普段、体を動かす機会の少ない留学生にとっていい汗をかくよい機会となったと同時に、地元町会の人たちと一緒になって応援したり競技に参加することにより、交流を深めることができた一日でした。

 

 日本語指導法集中講座(2003.9.20、27)

  9月20・27日の2週にわたり、日本語チュ―タ―登録者を対象に「日本語指導法講座」を実施しました。会話を中心とした日本語の手ほどきから論文の指導、さらには古典文学の現代訳など留学生からの要望は幅が広がってきています。今回は、経験者のブラッシュアップを中心にカリキュラムを組み、グループ活動などを通して多様化した要望にどう対応していくかなどについても体験的に学ぶことができました。 

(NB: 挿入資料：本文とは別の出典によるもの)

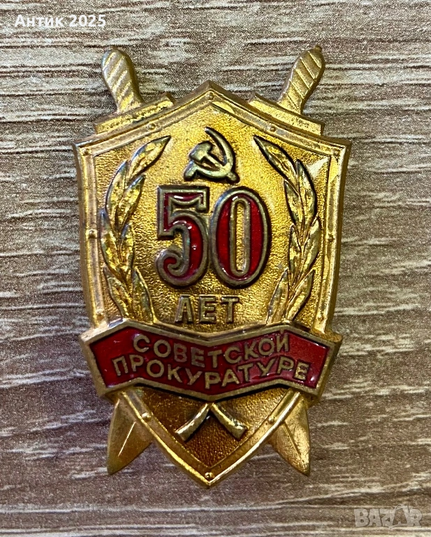 Оригинален юбилеен знак „50 години Съветската прокуратура“, издаден по случай 50-годишнината на прокуратурата на СССР по времето на Съветски съюз.
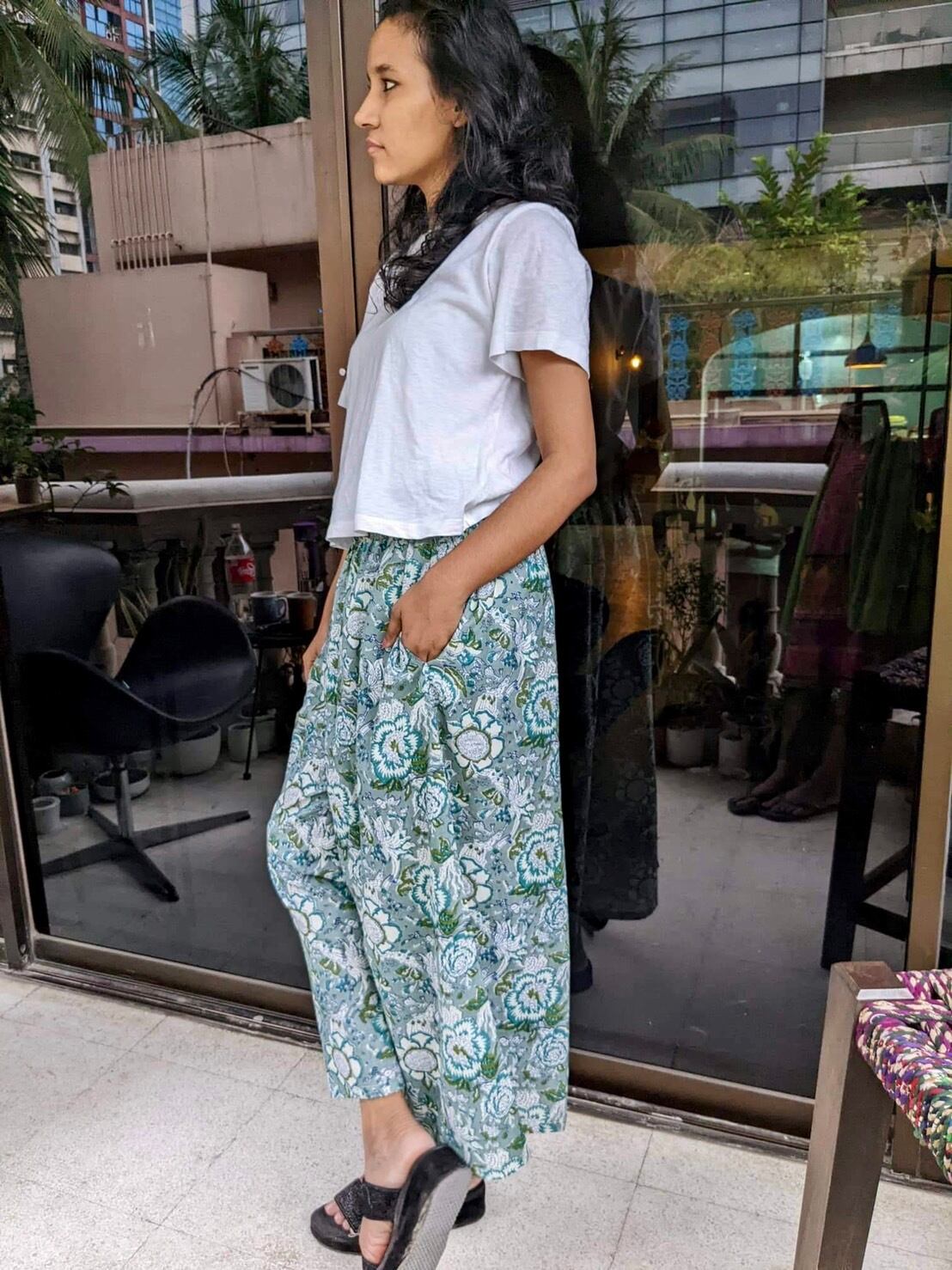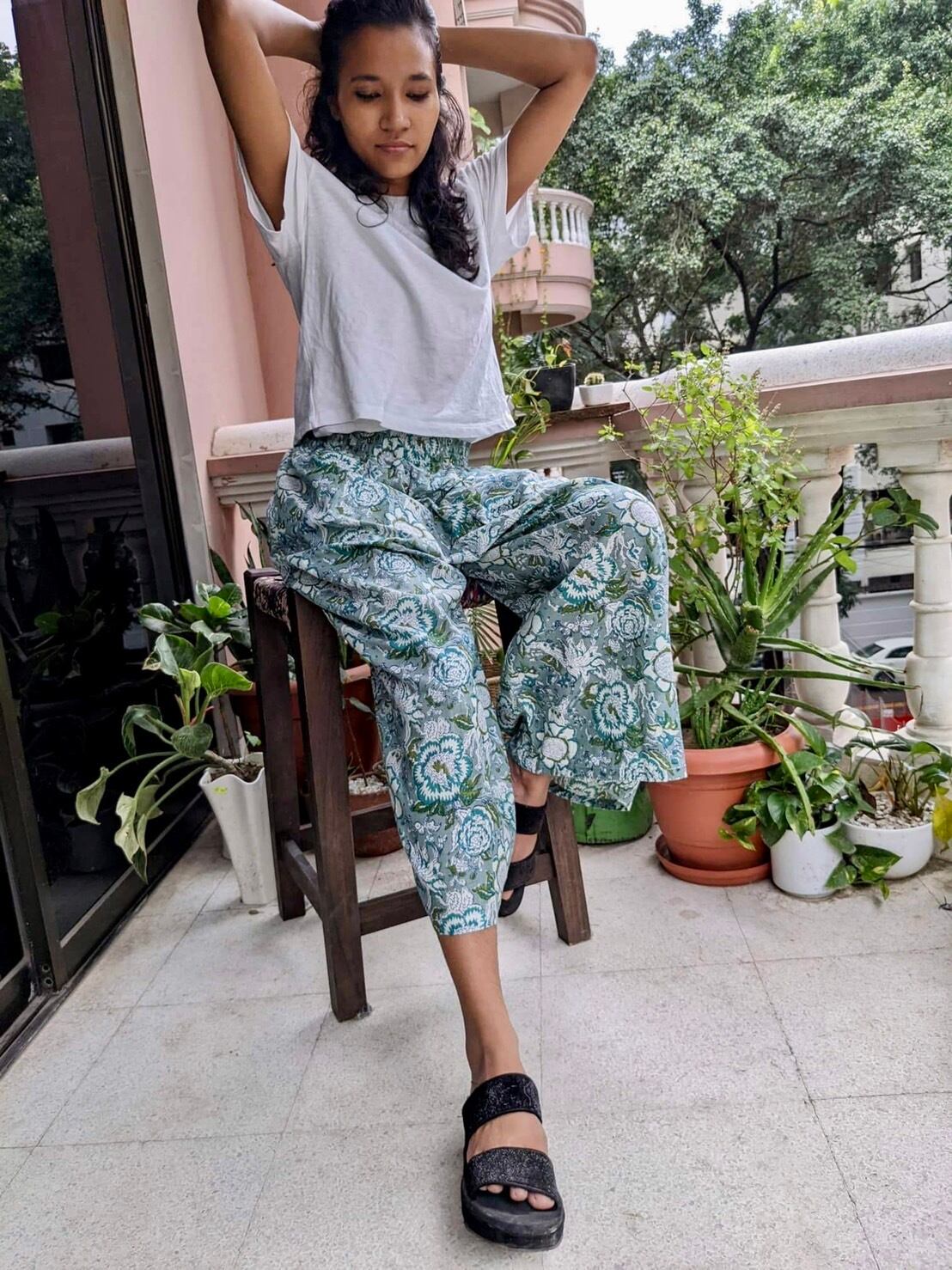北インドのジョイプールコットン(インド綿)生地で楽チンに履いていただけるけどキレイに見えるワイドパンツを作りました!
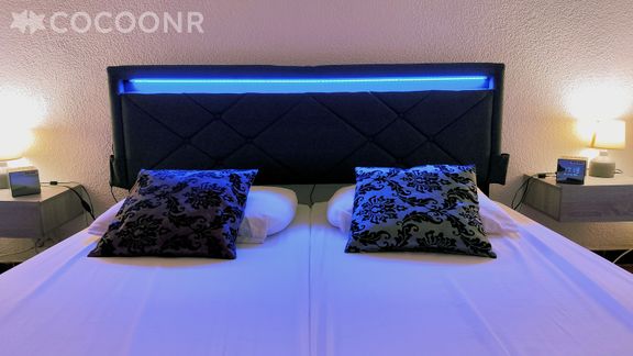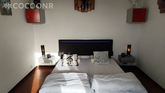 - Chambre 1 : deux lits simples (80x200) et une TV avec lecteur Bluray.
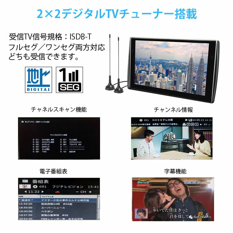 ■商品仕様液晶:11.6インチIPS液晶 解像度::1366×768pixelチューナー:2チューナー&2アンテナテレビ:地上デジタル 周波数・チャンネル:地上波UHF470MHz〜770MHz(13ch〜62ch)映像入力:V1/HDMI(タイプA) AV入力 動画フォーマット:MP4、MPG、MPEG2、RM、RMVB、JPG、MP3等 サイズ:約319(W)×約172(H)×約22(D)mm(本体最大部・スタンド含まず)重量:約550g電源:DC12V-24V セット内容:外国語説明書*1、本体*1、ヘッドレスト取付スタンド*1、シガーアダプター*1、AV入力ケーブル*1、リモコン*1、miniB-CASカード*1、 ※アンテナの近くにドライブレコーダーがあると、そのドライブレコーダーから発する電磁波で、TVが上手く映らない場合がございます。

 留学生による語学講座(後期)(2003.9.3〜11.21)

 94年の学生会館設立時に留学生の発案によりスタートした語学講座も、20回目を迎えました。これまでに25言語、2,000人を超える市民の皆さんが受講しています。講座は15名の少人数授業。しかも留学生と直に話ができるとあって人気は高く、6倍近い応募になることもあります。
 今年度後期は9月に中国語2講座、韓国語2講座のほか、アラビア語、スペイン語を開講しました。会館の講座は単に語学の習得が目的ではなく、留学生との交流を大切にしているので、講師は母国の音楽をかけたり、写真や映像を見せたり、授業にも工夫を凝らしています。10月にクラスごとに行なった交流会では、受講生が講師の手ほどきを受けながら母国料理に挑戦する姿も見られました。留学生も市民も意欲的で、11月末に全12回の講座が終了する頃にはすっかり意気投合し、自主的にレッスンの継続を決めるケースが目立ちました。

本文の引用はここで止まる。